If you load, or have someone load for you, you can keep the velocity down and prolong barrel life. If you're not shooting ground squirrels, and only shooting for fun at paper or the occasional coyote, it shouldn't be a problem.

Pete


----------



## deeker (Dec 18, 2010)

Pete, your rifle has been on my home turf.

For what that is worth.

I love shooting 'yotes with the .220 Swift too. Played with the .17 Remington, but not enough juice for 300-400+ yard shots for 'yotes.

I don't even need to mention the wind drift problem with the .17's.

Kevin


----------



## ShoerFast (Dec 18, 2010)

I have nothing against any of the WSM or the WSSM's, but won't drink the look-aid when it comes to how much better it is then traditional Chamberings. (some want to say there is some kind of magic in shorter)

Reloading is the way to go. Take your pick of bullets, an easy dozen different powders that will scream performance. its all good!

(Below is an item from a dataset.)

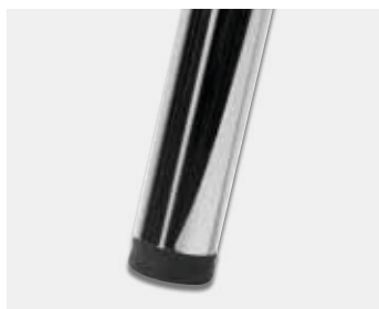
Leicht aber stabil. Stahlrohrfüße mit Fußstopfen aus Kunststoff.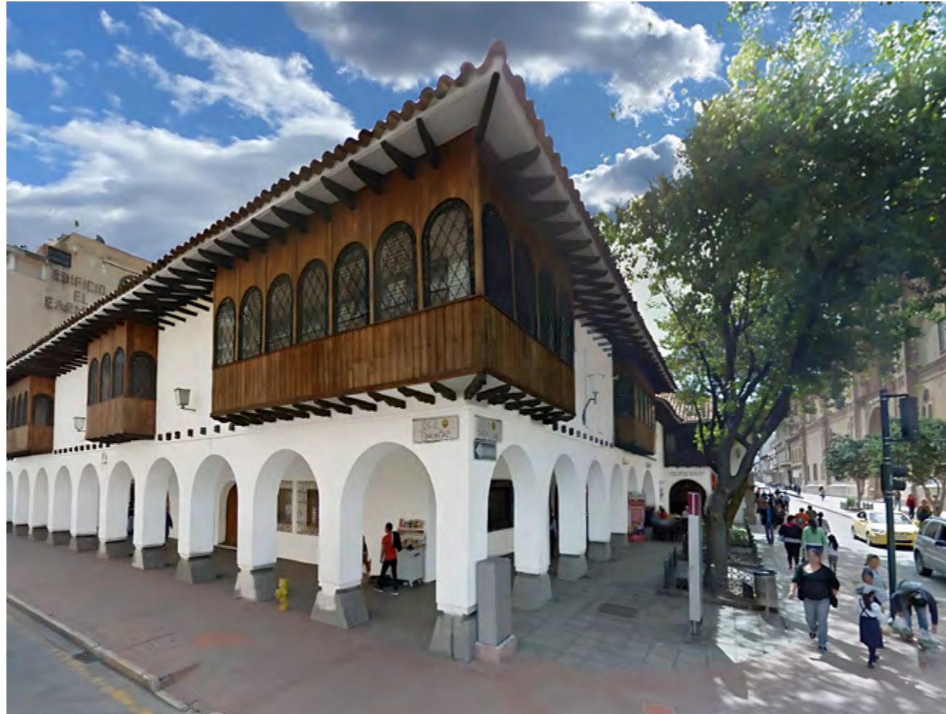
Edificio ganador de la preselección Gil Ramírez Dávalos en 1971, obra de Patricio Muñoz Vega. Esquina de las calles Sucre y Benigno Malo.

Did not place in the 2010 Song Dog Challenge (coyote competition) but invited again for 2011 hunt! That rifle would be among the best of the best choice. 

Have fun with it!


----------



## homelitejim (Dec 18, 2010)

1 in 12 twist for bullets under 40 grain
1 in 10 twist for bullets 40 to 50 grain
1 in 9 twist for bullets 50 to 63 grain
1 in 8 twist for bullets 60 to 70 grain
1 in 7 twist for bullets over 70 grain

If you plan on keeping this gun as a collector do not fire it. The 223 wssm has a tendency to erode the throat of the barrel, plus firing any firearm will decrease the value. If you have to kill coyotes pick up something in 223 or 22-250 most of these caliber rifles can be had for under $300. OR.......


----------



## atvguns (Dec 18, 2010)

You have the twist rate all wrong the heavier the bullet the faster you have to spin it to make it stabilize


----------



## homelitejim (Dec 19, 2010)

Fixed the numbers how they should be, guess my dyslexia was acting up on that one. lol


----------